Knott v. Sargent

Morton, J.

It is a familiar rule that, in an action for malicious prosecution, the plaintiff must prove that the prosecution which he alleges to be malicious has been terminated. “The new action must not be brought before the first be determined; because till then it cannot appear that the first was unjust.” Bul. N. P. 12.

Ii the prosecution alleged to be malicious was by complaint to a magistrate, upon which the plaintiff was bound over to appear at the Superior Court, he must show that he has been discharged by the order of that court. Until such discharge, the prosecution is not at an end, but he and his sureties remain liable upon his recognizance.

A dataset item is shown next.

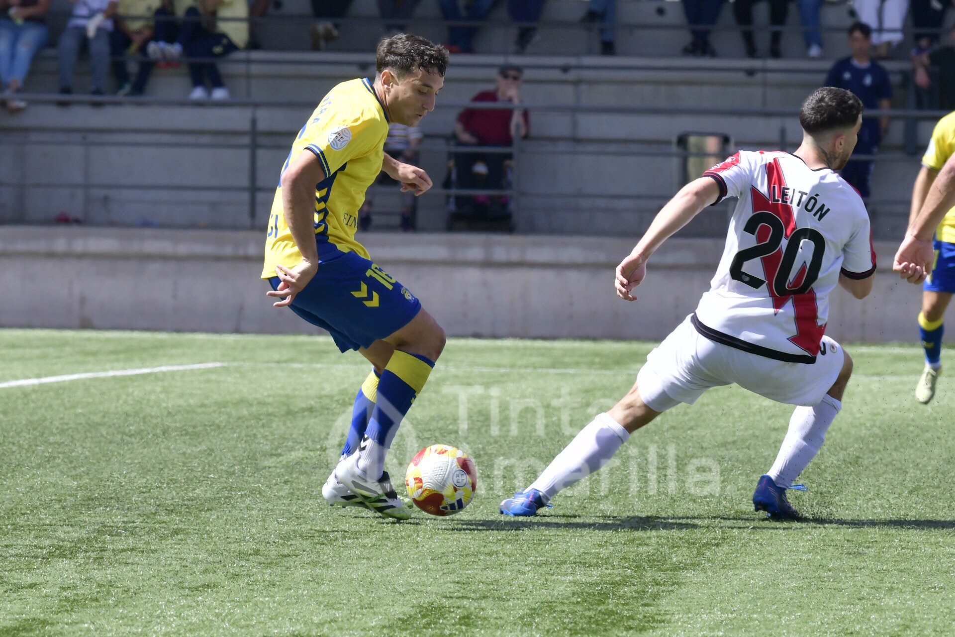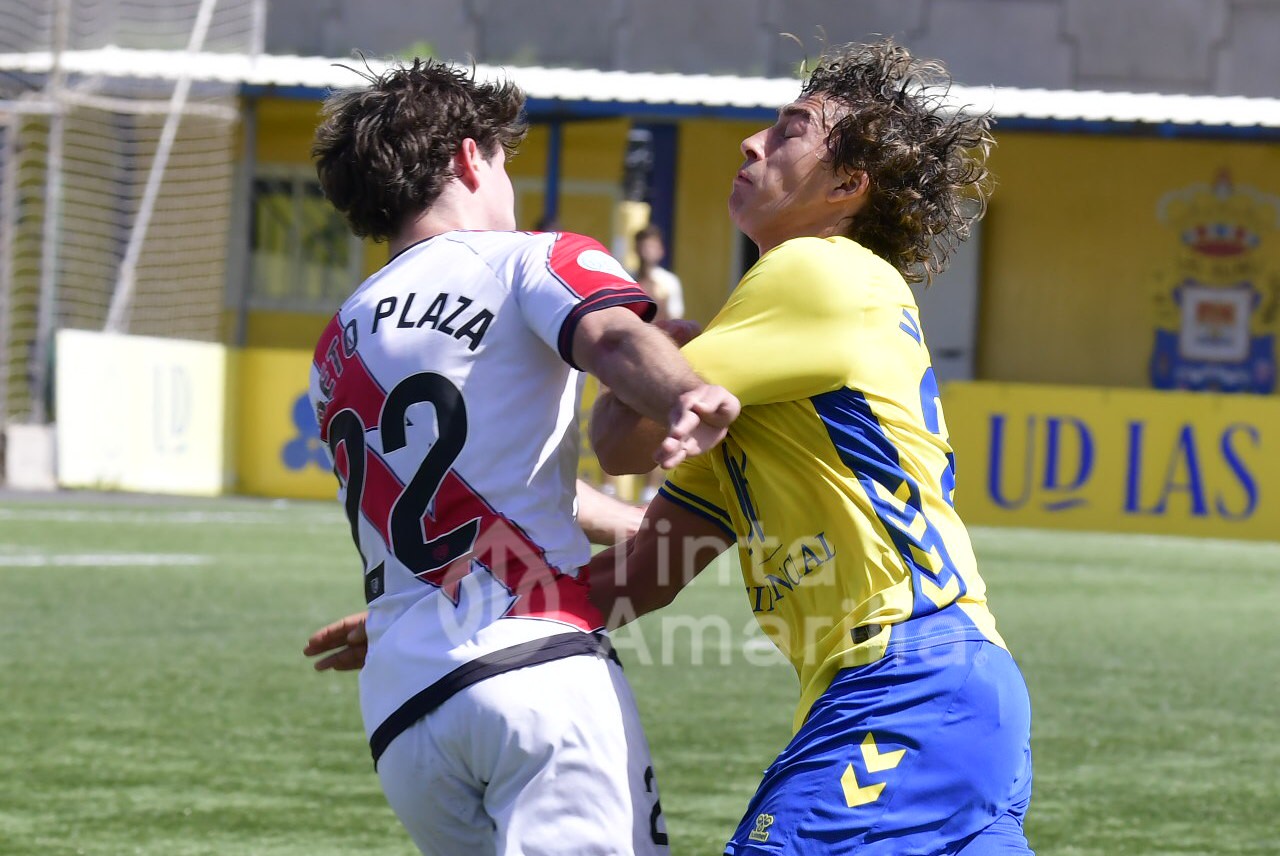 Las Palmas Atlético logró este domingo una victoria muy importante sobre el filial del Rayo Vallecano (2-0). Los tres puntos acercan un poco más a la permanencia a los amarillos, que ofrecieron un partido de notas ofensivas de relieve y dos goles que llegaron en la recta final. Pero cualquier marcador por encima de los dos tantos nada habría extrañado, por la intención ofensiva constante a lo largo de toda la mañana.

The dictum of Mr. Justice Buller in Morgan v. Hughes, 2 T. R. 225, that if the accused “ was discharged by the grand jury’s *98not finding the bill, that would have shown a legal end to the prosecution,” does not necessarily imply that the mere fact of the grand jury’s not finding a bill at the term to which the accused is bound over would be an end of the prosecution. It rather implies that the prosecution is not ended unless he is discharged by reason of the grand jury’s finding no bill. See Thomas v. DeGraffenreid, 2 Nott & M’Cord, 143. Under our practice, it cannot be held that the prosecution is at an end, until the accused has been discharged by an order of the court.

In the case at bar, as is to be assumed for the purposes of the question before us, the defendant caused to be instituted before the Police Court of Salem a complaint against the plaintiff, charging her with the crime of larceny. She was adjudged to be probably guilty, and ordered to recognize, with surety, to answer further to the complaint at the October term 1874 of the Superior Court. She thereupon entered into a recognizance to appear at the October term of the Superior Court, and at any subsequent term or terms until the final sentence, decree or order of the Superior Court, and to abide such final sentence, decree or order. To prove that this prosecution was at an end, the plaintiff introduced the records of the Superior Court, by which it appears that, at the said October term, “ the grand jury return ‘ no bill ’ in the following cases,” the list of cases forming part of the return including that of the plaintiff. But the record does not show that the plaintiff was thereupon discharged by the court. The mere return of “ no bill ” by the grand jury did not operate as a legal discharge of the accused, and did not necessarily import that the same or a subsequent grand jury might not find a bill upon the same complaint. The testimony of the district attorney, therefore, that the case was continued before the grand jury by reason of the absence of a witness, did not contradict the record, and was competent.

The evidence in the case shows that, at the time when the plaintiff commenced this suit, the prosecution alleged to be malicious had not been terminated; and it follows that she cannot maintain the action.

According to the terms of the agreed facts, therefore, the entry must be Plaintiff nonsuit.